Micromarket flourishes in university res hall
Essentially an unmanned, 24-hour/seven-day c-store, the Heritage Creamery Express at BYU serves some 2,000 students living in the surrounding dorm complex.
Micromarkets have flourished in a number of onsite environments, but particularly in business facilities and healthcare institutions where access can easily be controlled and limited and round-the-clock retail dining service is needed.
Where micromarkets have not caught on in any major way is in higher education. However, there is at least one exception: Brigham Young University in Provo, Utah, which boasts four onsite micromarkets, one of them inside a 2,000-bed residential complex. The other three are in employee break rooms where they operate similar to micromarkets in B&I environments.

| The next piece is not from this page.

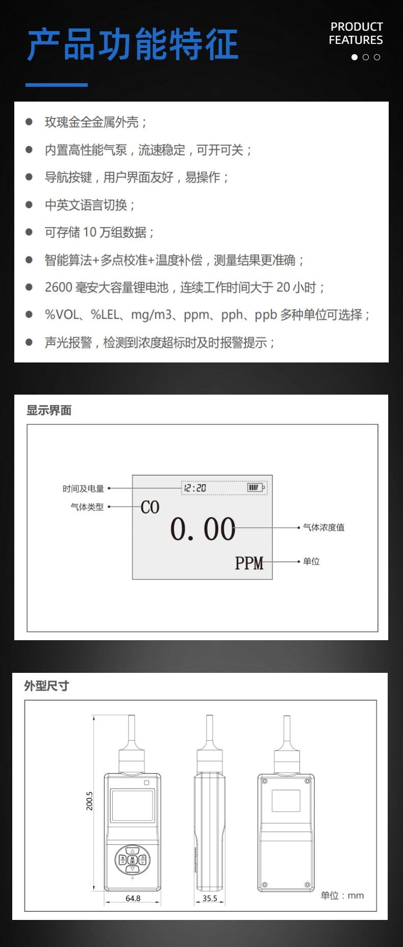 %VOL、%LEL、mg/m3、ppm、pph、ppb 多种单位可选择;

The unit inside Heritage Halls, called Heritage Creamery Express, packs some 300 SKUs into a miniscule 15-by-15-foot space that punches way above its size in terms of generating business. The store turns an average of 200 transactions a day and produces a check average four times that of traditional banks of vending machines, says Chris Moravec, general manager of convenience retail at BYU.
Heritage Express is located inside a resident hall complex with access restricted to students living in the complex.

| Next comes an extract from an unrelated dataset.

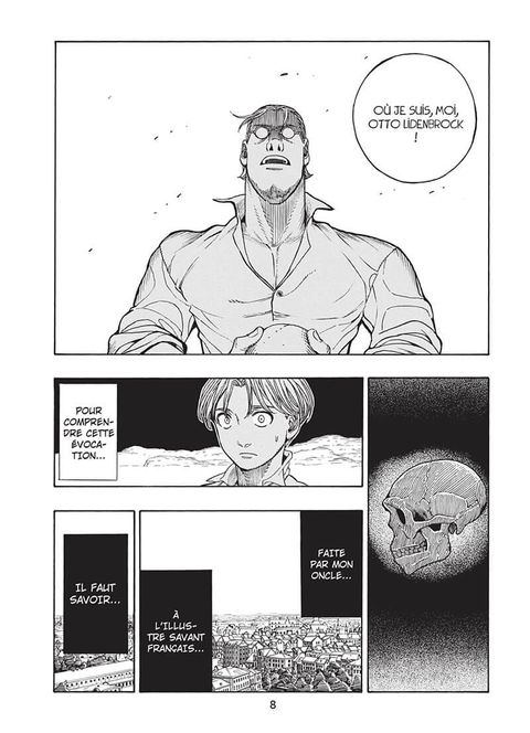 Après avoir essuyé une énorme tempête, Axel, Hans et le professeur Lidenbrock s'échouent près d'une immense plaine d'ossements d'animaux préhistoriques. Mais très vite, ils découvrent un crâne humain ! Des êtres humains auraient-ils vécu sous Terre ? Y vivent-ils encore ? Les explorateurs ne sont pas au bout de leurs surprises !

“We pitched the idea because we felt it would better meet the needs of the students,” she observes. “Traditionally, vending machines don’t do well in apartment buildings because the students eat out of their fridges.”
Originally, the university wanted four traditional vending machines in the space but Moravec convinced it to try the micromarket approach. It required some adjustment to the utilities and entryway but has more than paid off as the space took off almost immediately: “It far and away exceeded our wildest imaginations,” she says, and traffic hasn’t slacked in the two-plus years since it first opened in October 2015.

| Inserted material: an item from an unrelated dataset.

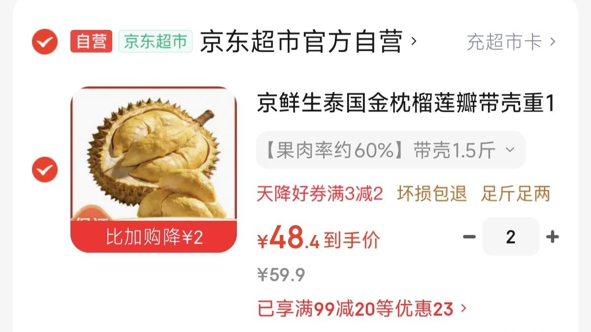 泰国金枕榴莲瓣带壳重1.5斤 拍2件99.83斤 领好单发报员2026年02月25日 20:100举报 泰国金枕榴莲瓣带壳重1.5斤拍2件99.83斤领http://gz.my22.fun/tt1RPy拍https://u.jd.com/lGV6uSi复制文案

Student surveys over those two years indicated that over 90 percent of Heritage Hall resident students know about the micromarket and about 90 percent of them have patronized it at least once.
The Heritage Express product mix is composed primarily of typical college c-store items ranging from packaged snacks and beverages to basic foodstuffs, plus some grab-and-go sandwiches and salads. The top selling item is the gallon jug of milk, Moravec observes, and is followed by typical college favorites like frozen pizzas and corn dogs, ramen soup, cereal, soda, ice cream and, chips and salsa.
“We watch what sells carefully and we tweak constantly, and we started putting in packaged sandwiches and salads those sales just got better and better,” Moravec observes. “So we now have a section dedicated to just that.”
The grab-and-go items are made in BYU’s central kitchen and delivered fresh daily.
Access is by card swipe at the door using cards only residents of Heritage Halls possess, so the customer base is limited only to those students. Cameras provide additional security as does the stigma and penalties associated with getting caught stealing.
Moravec says theft is practically nonexistent with shrinkage rates of less than one percent that are probably due more to unavoidable system glitches than intentional pilferage.
Payment is exclusively through the university’s Cougar Card declining balance accounts. The system does not accept either cash or commercial credit cards.